• What the task requires:
Restate word for word the section of the entries that opens at the line containing "Congratulations to our" and closes at the line containing "铂族金属同样表现惊人。现货铂", both lines kept, pictures dropped.

• Task data:
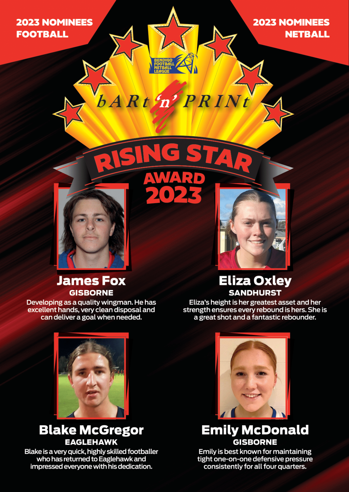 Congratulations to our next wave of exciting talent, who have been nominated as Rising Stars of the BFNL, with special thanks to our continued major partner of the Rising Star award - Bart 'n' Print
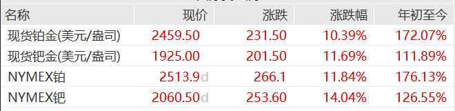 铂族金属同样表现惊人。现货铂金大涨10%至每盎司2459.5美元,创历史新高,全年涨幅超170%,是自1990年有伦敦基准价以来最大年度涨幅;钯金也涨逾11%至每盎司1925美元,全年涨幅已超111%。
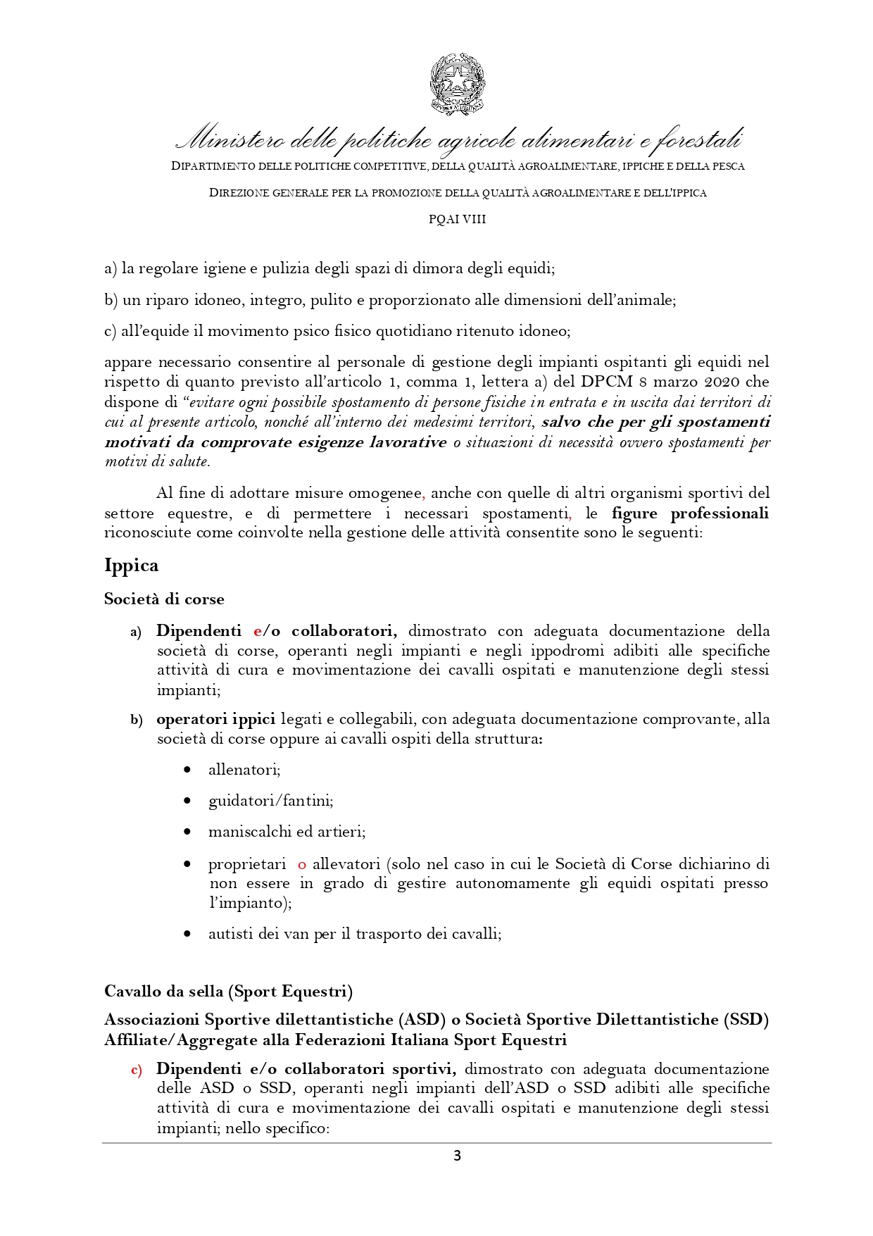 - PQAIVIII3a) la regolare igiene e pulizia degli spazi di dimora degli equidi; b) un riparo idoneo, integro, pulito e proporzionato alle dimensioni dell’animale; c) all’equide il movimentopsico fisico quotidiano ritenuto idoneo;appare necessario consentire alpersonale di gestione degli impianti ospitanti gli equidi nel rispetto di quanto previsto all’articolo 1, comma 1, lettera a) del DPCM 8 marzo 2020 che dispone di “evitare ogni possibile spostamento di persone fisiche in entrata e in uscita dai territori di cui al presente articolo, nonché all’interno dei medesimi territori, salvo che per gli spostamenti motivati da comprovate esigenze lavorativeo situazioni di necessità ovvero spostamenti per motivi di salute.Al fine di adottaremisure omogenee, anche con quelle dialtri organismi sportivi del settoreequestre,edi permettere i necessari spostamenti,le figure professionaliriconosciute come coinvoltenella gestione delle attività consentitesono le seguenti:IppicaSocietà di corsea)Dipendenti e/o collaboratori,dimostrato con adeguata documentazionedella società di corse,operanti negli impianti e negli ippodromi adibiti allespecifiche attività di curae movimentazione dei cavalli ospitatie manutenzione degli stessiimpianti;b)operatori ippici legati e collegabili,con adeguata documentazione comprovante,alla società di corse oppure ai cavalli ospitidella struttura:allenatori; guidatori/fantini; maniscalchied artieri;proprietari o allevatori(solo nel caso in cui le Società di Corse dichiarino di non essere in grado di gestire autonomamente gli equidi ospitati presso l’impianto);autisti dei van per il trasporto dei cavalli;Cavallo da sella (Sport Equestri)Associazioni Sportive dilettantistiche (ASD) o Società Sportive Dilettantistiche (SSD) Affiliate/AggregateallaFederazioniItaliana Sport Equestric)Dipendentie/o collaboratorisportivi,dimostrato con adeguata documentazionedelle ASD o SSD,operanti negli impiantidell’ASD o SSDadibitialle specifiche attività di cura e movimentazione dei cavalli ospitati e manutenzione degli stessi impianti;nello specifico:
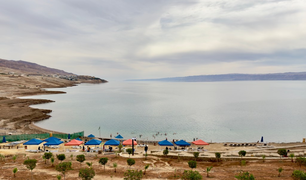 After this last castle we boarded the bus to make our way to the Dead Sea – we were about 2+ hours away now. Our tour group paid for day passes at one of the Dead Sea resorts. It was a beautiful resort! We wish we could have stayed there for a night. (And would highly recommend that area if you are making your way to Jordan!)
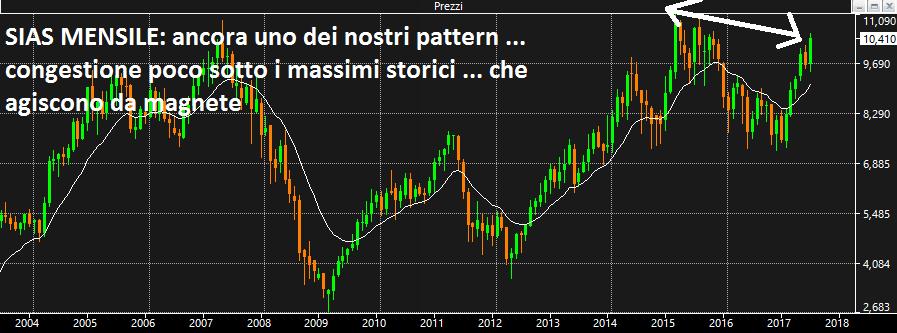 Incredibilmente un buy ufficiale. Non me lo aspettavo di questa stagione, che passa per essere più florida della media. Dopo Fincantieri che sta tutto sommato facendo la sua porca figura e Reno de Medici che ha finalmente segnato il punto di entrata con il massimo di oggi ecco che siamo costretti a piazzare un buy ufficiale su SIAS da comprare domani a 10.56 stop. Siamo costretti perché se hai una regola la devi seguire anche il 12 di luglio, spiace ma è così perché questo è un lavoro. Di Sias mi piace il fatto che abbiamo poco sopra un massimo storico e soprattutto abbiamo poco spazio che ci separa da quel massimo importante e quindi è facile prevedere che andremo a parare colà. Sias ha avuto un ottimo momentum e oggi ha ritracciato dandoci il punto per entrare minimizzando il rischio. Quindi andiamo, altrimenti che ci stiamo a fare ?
--
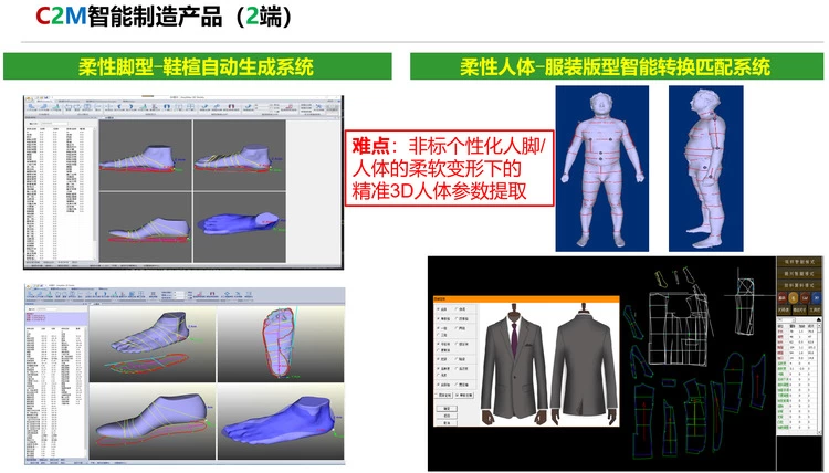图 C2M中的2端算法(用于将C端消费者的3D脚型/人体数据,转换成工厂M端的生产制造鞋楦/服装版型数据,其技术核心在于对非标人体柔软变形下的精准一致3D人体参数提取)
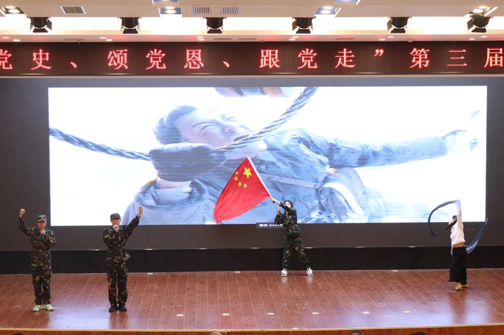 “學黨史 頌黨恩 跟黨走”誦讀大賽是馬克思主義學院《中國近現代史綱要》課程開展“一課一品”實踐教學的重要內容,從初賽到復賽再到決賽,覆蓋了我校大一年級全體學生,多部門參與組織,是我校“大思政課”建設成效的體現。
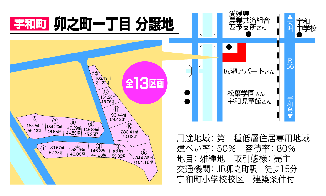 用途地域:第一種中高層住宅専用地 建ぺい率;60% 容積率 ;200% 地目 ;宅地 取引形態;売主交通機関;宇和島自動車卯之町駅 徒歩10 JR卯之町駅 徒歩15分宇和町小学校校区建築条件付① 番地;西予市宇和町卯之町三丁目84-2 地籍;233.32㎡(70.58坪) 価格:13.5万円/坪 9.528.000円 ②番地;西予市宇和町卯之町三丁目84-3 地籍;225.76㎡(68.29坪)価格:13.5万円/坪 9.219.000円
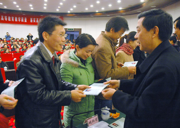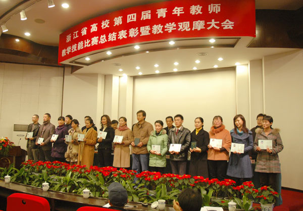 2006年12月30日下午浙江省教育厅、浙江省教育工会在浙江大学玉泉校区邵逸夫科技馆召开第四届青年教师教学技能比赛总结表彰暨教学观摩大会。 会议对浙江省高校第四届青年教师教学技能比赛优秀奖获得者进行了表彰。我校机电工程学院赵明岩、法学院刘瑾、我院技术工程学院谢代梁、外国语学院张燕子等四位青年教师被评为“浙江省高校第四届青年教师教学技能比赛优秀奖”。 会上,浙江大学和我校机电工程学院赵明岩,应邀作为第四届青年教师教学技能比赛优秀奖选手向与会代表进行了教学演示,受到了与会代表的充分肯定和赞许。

• Output of the task:
 Congratulations to our next wave of exciting talent, who have been nominated as Rising Stars of the BFNL, with special thanks to our continued major partner of the Rising Star award - Bart 'n' Print
 铂族金属同样表现惊人。现货铂金大涨10%至每盎司2459.5美元,创历史新高,全年涨幅超170%,是自1990年有伦敦基准价以来最大年度涨幅;钯金也涨逾11%至每盎司1925美元,全年涨幅已超111%。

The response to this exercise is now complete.